The task. Each line in the material below, starting at the one with "The solution to" and ending at the one with "4 Claw Set Solitaire", is to be reproduced exactly; no picture is to be copied.

Data for this task.
↓

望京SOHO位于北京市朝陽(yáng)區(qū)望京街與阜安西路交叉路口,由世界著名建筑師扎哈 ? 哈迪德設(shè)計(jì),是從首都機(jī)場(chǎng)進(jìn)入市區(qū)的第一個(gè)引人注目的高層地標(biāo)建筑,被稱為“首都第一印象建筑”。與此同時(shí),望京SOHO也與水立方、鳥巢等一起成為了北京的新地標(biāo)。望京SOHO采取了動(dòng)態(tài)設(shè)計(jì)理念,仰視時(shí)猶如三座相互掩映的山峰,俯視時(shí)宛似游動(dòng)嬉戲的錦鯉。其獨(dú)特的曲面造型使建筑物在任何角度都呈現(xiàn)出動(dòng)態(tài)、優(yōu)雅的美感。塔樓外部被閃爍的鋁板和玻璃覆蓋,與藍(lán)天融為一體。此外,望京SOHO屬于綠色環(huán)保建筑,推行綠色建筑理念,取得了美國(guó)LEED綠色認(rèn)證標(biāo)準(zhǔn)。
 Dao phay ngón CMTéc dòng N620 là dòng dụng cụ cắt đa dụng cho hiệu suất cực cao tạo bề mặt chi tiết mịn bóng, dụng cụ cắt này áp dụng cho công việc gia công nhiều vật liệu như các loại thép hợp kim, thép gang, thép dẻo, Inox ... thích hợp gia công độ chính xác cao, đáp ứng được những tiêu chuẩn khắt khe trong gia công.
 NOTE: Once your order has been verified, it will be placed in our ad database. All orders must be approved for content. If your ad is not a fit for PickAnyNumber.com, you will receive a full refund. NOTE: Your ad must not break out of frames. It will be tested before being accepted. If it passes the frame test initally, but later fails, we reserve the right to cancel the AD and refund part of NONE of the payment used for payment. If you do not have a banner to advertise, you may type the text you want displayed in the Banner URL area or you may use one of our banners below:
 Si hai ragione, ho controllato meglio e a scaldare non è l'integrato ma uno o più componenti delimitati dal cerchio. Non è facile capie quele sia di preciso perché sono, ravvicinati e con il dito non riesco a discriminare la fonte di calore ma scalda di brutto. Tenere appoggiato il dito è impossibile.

↑
↓

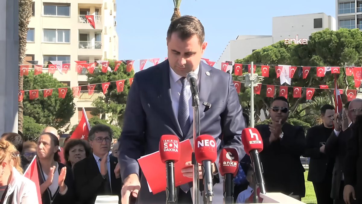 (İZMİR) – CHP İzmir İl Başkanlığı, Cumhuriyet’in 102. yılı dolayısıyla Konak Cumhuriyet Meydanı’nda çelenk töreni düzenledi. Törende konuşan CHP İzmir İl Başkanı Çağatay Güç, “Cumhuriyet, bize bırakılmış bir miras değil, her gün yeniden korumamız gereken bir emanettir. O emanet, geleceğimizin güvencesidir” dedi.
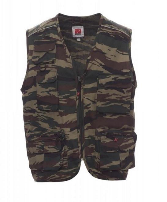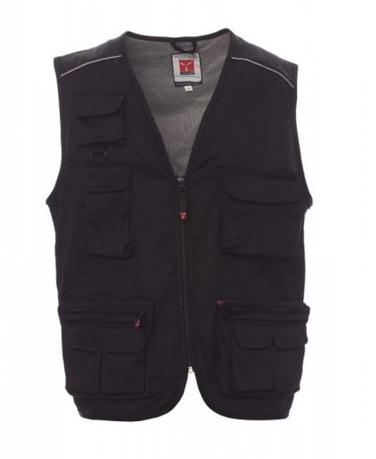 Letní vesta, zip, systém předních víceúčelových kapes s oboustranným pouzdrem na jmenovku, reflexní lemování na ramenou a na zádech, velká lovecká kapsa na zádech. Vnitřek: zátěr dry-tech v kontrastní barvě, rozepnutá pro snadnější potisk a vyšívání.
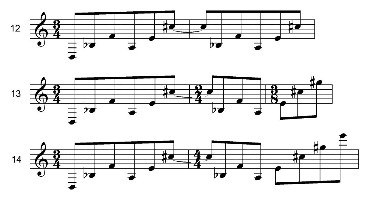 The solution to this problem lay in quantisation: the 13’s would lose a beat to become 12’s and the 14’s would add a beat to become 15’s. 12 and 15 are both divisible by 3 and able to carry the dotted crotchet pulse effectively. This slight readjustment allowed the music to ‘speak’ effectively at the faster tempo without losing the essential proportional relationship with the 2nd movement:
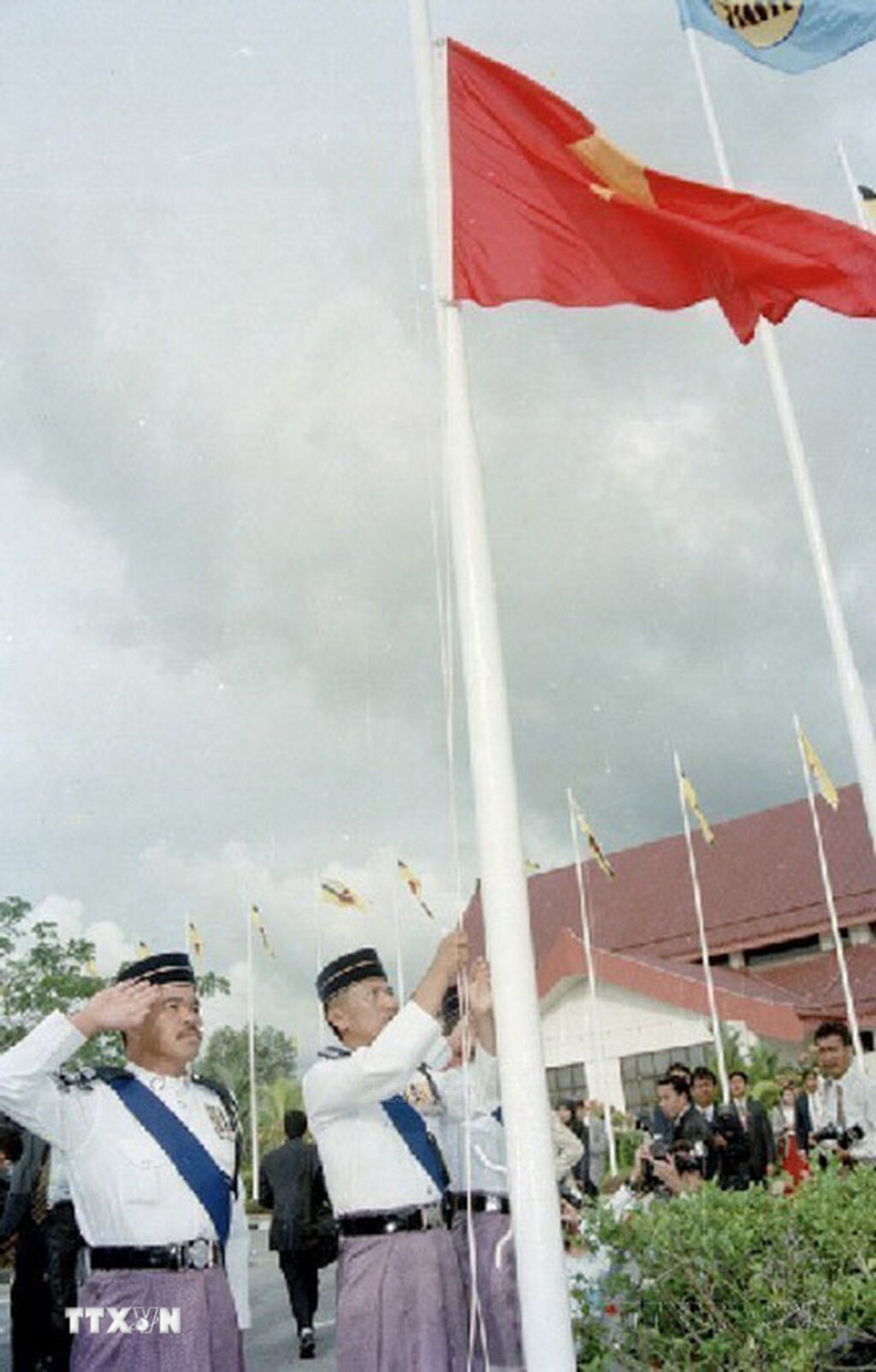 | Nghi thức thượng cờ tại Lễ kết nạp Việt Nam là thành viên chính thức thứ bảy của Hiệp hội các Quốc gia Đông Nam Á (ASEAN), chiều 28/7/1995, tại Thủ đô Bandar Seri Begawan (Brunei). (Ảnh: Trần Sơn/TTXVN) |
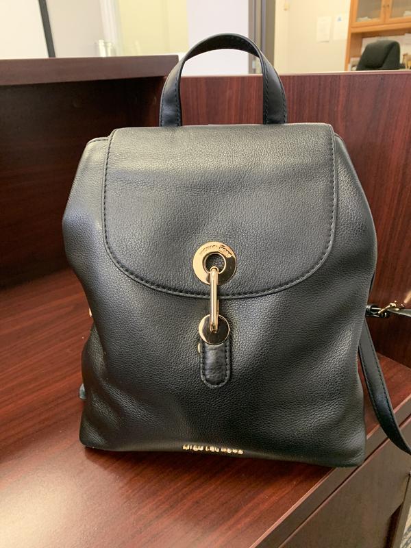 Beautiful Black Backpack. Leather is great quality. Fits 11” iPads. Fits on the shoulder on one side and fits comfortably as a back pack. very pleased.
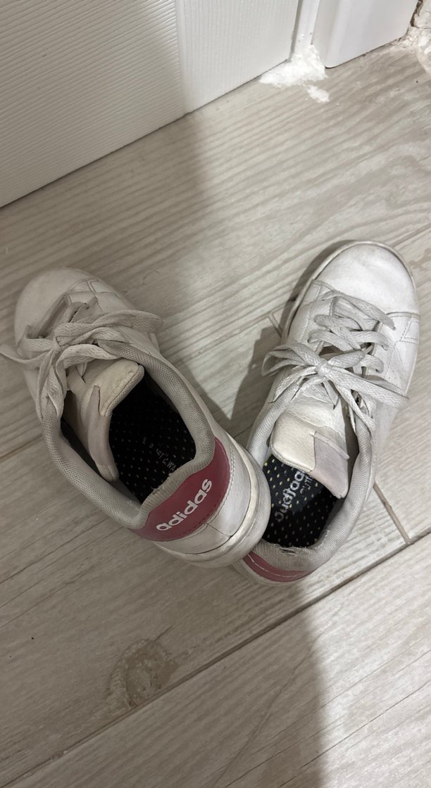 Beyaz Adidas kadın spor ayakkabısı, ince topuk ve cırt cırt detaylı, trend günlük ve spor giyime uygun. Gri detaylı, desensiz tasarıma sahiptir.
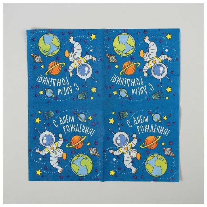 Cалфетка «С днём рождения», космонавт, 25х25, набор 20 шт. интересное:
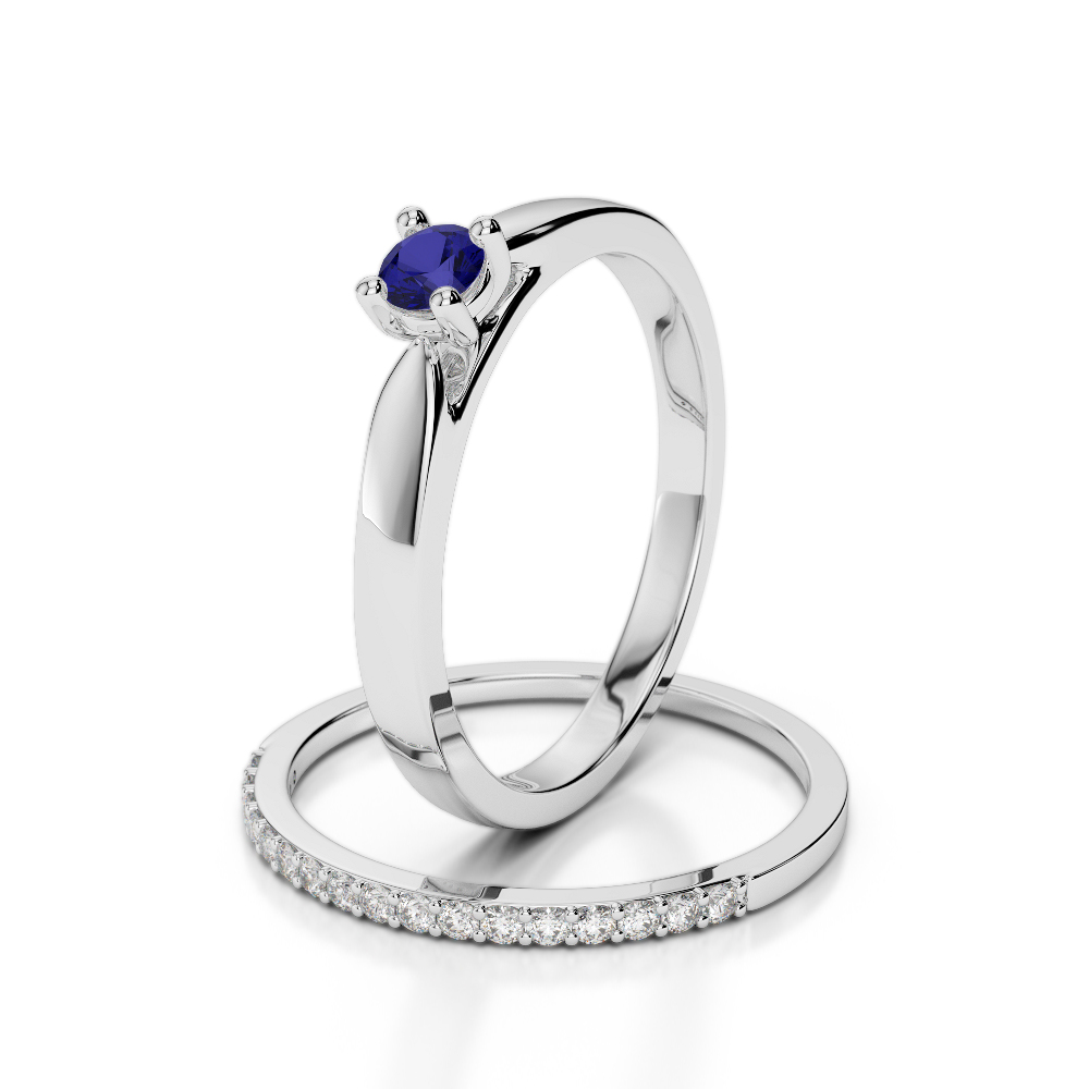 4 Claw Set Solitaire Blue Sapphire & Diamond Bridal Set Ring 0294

↑

Task answer.
 The solution to this problem lay in quantisation: the 13’s would lose a beat to become 12’s and the 14’s would add a beat to become 15’s. 12 and 15 are both divisible by 3 and able to carry the dotted crotchet pulse effectively. This slight readjustment allowed the music to ‘speak’ effectively at the faster tempo without losing the essential proportional relationship with the 2nd movement:
 | Nghi thức thượng cờ tại Lễ kết nạp Việt Nam là thành viên chính thức thứ bảy của Hiệp hội các Quốc gia Đông Nam Á (ASEAN), chiều 28/7/1995, tại Thủ đô Bandar Seri Begawan (Brunei). (Ảnh: Trần Sơn/TTXVN) |
 Beautiful Black Backpack. Leather is great quality. Fits 11” iPads. Fits on the shoulder on one side and fits comfortably as a back pack. very pleased.
 Beyaz Adidas kadın spor ayakkabısı, ince topuk ve cırt cırt detaylı, trend günlük ve spor giyime uygun. Gri detaylı, desensiz tasarıma sahiptir.
 Cалфетка «С днём рождения», космонавт, 25х25, набор 20 шт. интересное:
 4 Claw Set Solitaire Blue Sapphire & Diamond Bridal Set Ring 0294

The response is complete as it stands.